He was unkempt, unwashed, and his jet black hair was unruly. He ate only when he was offered - sometimes days apart, going from odd job to unemployment - estate to estate - staying barely conscious.

Jon had picked up the habit of speaking with himself in irrelevant conversation, and it was for this reason the employers would move him on after a very short time, as this jabbering disturbed their confidence in his sanity.

Of course in his mind he had mostly been talking with the invisible Fatima; however even she could not tolerate his company endlessly speaking, and so eventually she withdrew herself into the Heavens for the grace of a revivifying renewal in paradise.

Jon was now very much alone. He would have welcomed the slobbering company of Peter and Paul, had they not ripped the other’s throat into pieces. It still mystified him as to how or what could have happened to cause the beasts to turn on one another as they did.

He rummaged absentmindedly into the lower portion of his breeches and pulled out a lump of cheese the size of a walnut. It had gone hard and dry, but nonetheless was a happy find.

“Eie eie eie” he mumbled out loud.

“Fie fie fie” came a cheery voice from the road.

-Gabriel Brunsdon, Finding Self - Second Guesses- Azlander Series

Two or More are Gathered

Not only did the beastly creatures experience the reverential practices of the Franciscan worship; the fairies too, were introduced to Christendom through the magnificent outdoor services the Saint would perform daily - twice daily - in the forest.

For Francis certainly did have a way of speaking to the hearts of all, and reintroducing their souls back to God. This was his single-most consignment - a living pledge that he enacted, and reenacted, within his own heart daily.
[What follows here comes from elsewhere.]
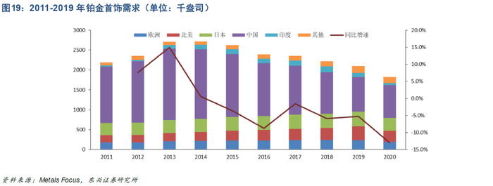 铂金首饰需求或持续复苏,2021有望实现7年来首次年度增长。中国和欧美市场铂金首饰零售业务自20Q2先后实现强劲复苏,令全年铂金首饰消费降幅收窄至-13%(降至56.8吨)。2021年,考虑到婚庆活动的恢复以及中国渠道商或加大市场营销力度,我们认为2021年铂金首饰需求有望恢复至2019年水平附近(64.2吨,同比+13%),实现2013年以来的首次年度增长。

The Elvish are by their very nature extremely reverential. They are the esoteric life: their consciousness is of pure spirit, and only lightly enters into the heaviness of the Material World as it staggers throughout the universe.

He was first and foremostly, a devotee to the pure contemplation of goodness being the very foundation of all life. However, on occasion he had excised a brother from the community if he had found them to be lazy in their morals, or dark in their desires. Francis did not love them any less, he just could not abide their presence - for certain elements would perhaps contaminate the communal family were he to permit them to stay …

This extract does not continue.